Assignment: Nothing but the pictures should be left out when the entries below are duplicated.

════

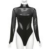 Mesh Splicing Durchsichtige Sexy Bodysuits Damenmode Schlank Langarm Jumpsuit Damen Playsuits Skinny Mesh Patchwork Urlaub Skinny Strampler 24303
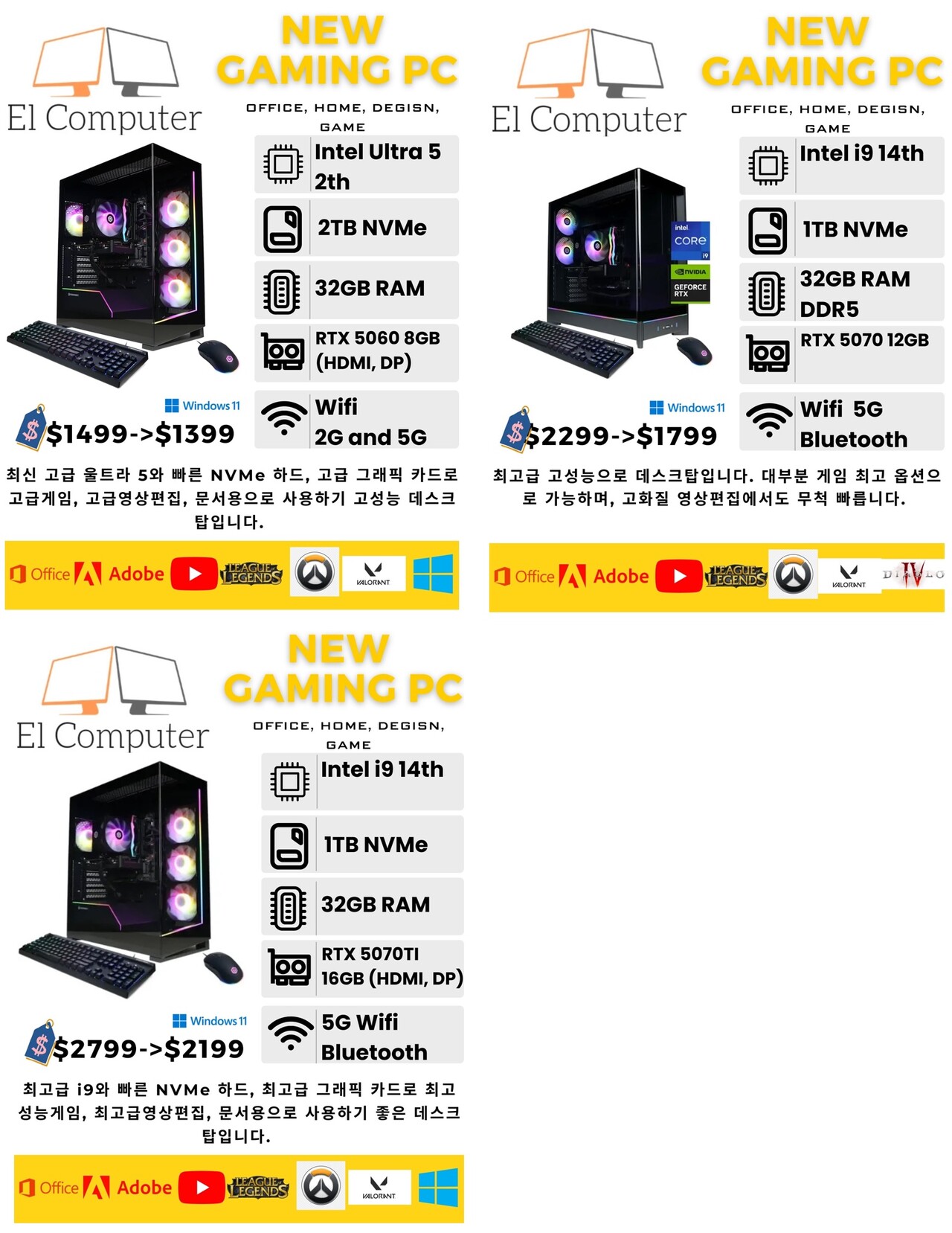 New(데스크탑, 올인원, 랩탑) 최저가로 판매합니다. 기본프로그램들, 영상, 사진 작업 프로그램들 다 설치되어 있고, 최적화 되어 있습니다.
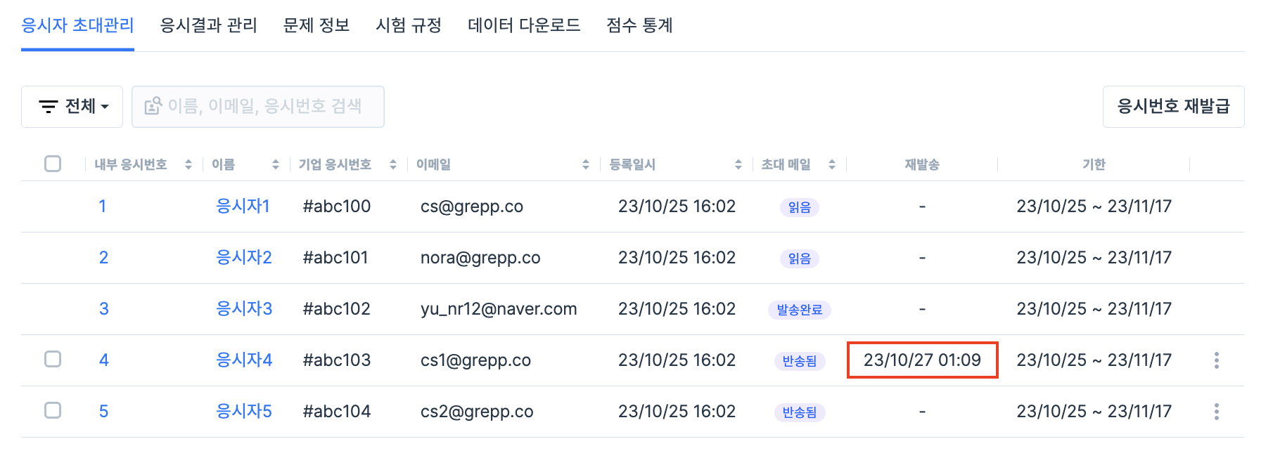 테스트 페이지 하단 응시자 목록에서 초대 메일 발송/열람 상태를 확인 할 수 있습니다.
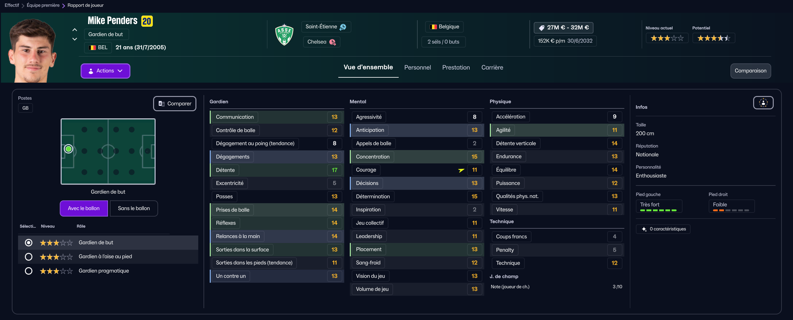 Mais l’effectif à commencé à faire la gueule concernant le « manque de qualité » aux cages. Je me suis alors fait prêter Mike Penders de Chelsea (à Strasbourg la saison d’avant) et ça a calmé tout le monde.
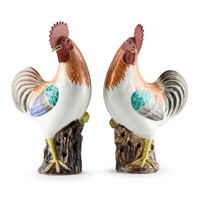 PAIR OF CHINESE FAMILLE ROSE ROOSTERS
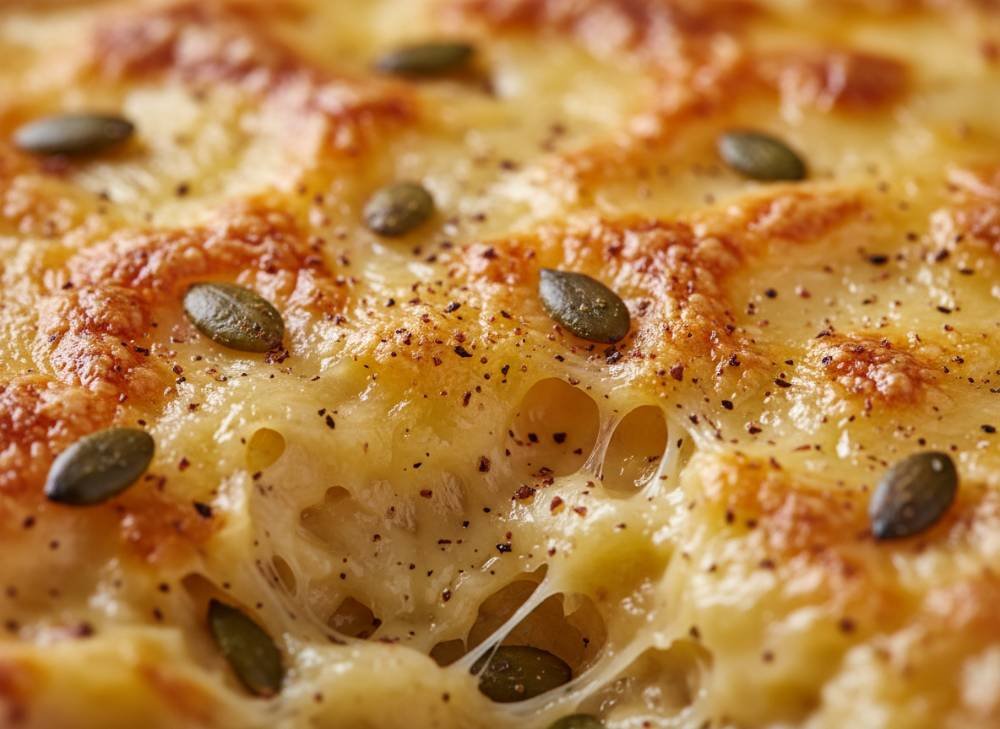 - Le Gratinage : Saupoudrez le reste du fromage râpé. Pour un visuel moderne, ajoutez quelques graines de courge.
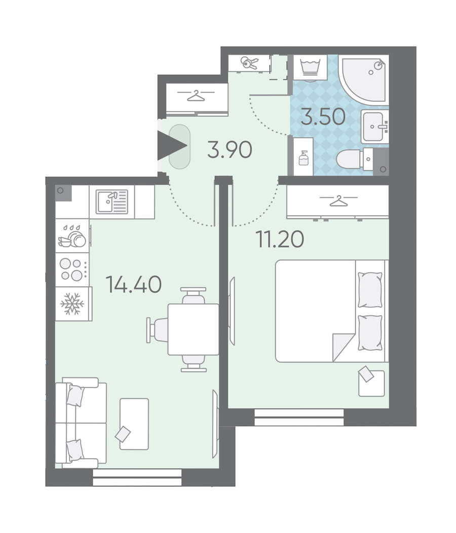 - Площадь кухни14,4 м2
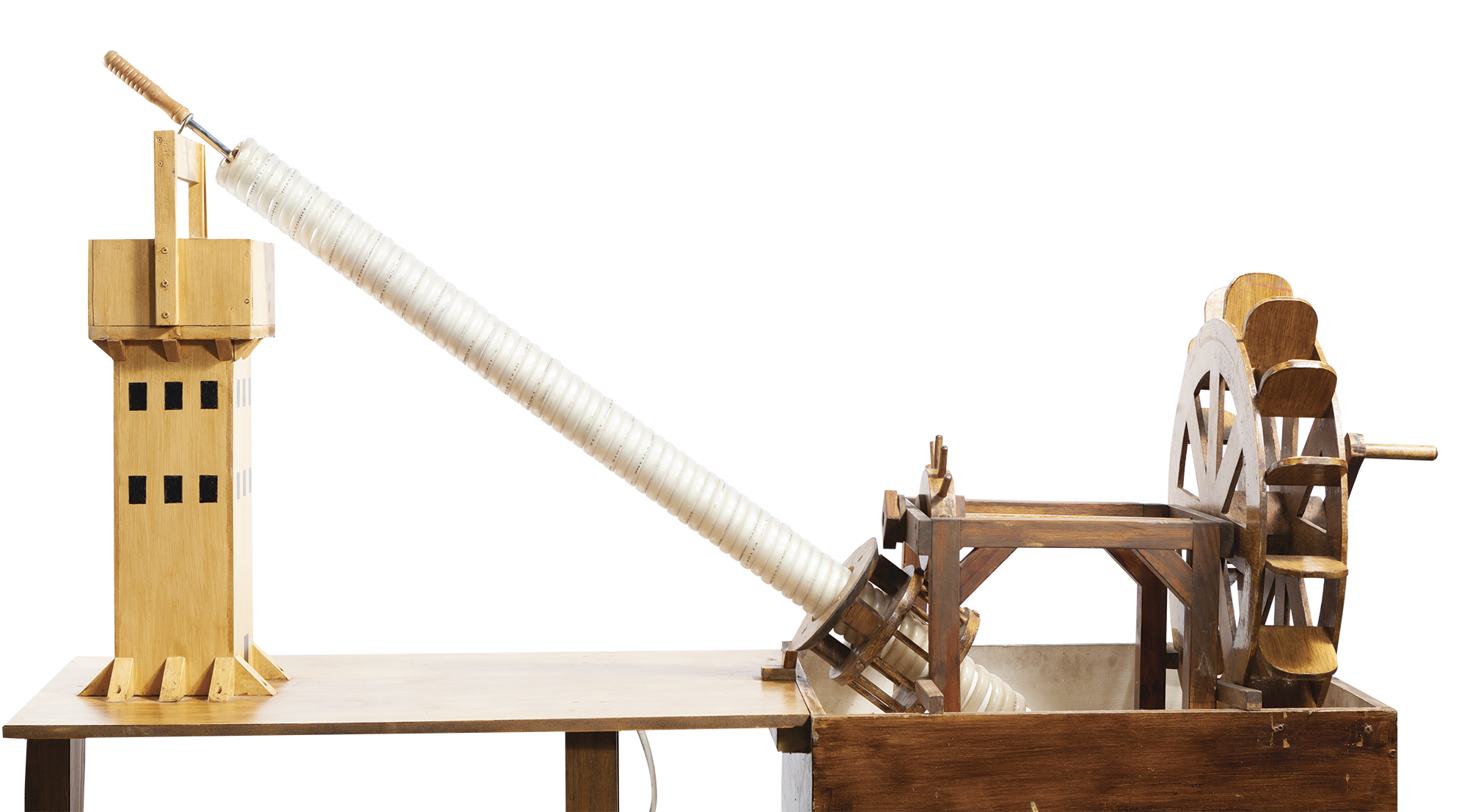 Inventos que exploran el potencial del agua como medio de transporte y fuente de energía. Estas réplicas incluyen máquinas para la navegación y mecanismos que aprovechan la fuerza del agua, reflejando la fascinación de Da Vinci por este elemento.

════

Exercise result:
 Mesh Splicing Durchsichtige Sexy Bodysuits Damenmode Schlank Langarm Jumpsuit Damen Playsuits Skinny Mesh Patchwork Urlaub Skinny Strampler 24303
 New(데스크탑, 올인원, 랩탑) 최저가로 판매합니다. 기본프로그램들, 영상, 사진 작업 프로그램들 다 설치되어 있고, 최적화 되어 있습니다.
 테스트 페이지 하단 응시자 목록에서 초대 메일 발송/열람 상태를 확인 할 수 있습니다.
 Mais l’effectif à commencé à faire la gueule concernant le « manque de qualité » aux cages. Je me suis alors fait prêter Mike Penders de Chelsea (à Strasbourg la saison d’avant) et ça a calmé tout le monde.
 PAIR OF CHINESE FAMILLE ROSE ROOSTERS
 - Le Gratinage : Saupoudrez le reste du fromage râpé. Pour un visuel moderne, ajoutez quelques graines de courge.
 - Площадь кухни14,4 м2
 Inventos que exploran el potencial del agua como medio de transporte y fuente de energía. Estas réplicas incluyen máquinas para la navegación y mecanismos que aprovechan la fuerza del agua, reflejando la fascinación de Da Vinci por este elemento.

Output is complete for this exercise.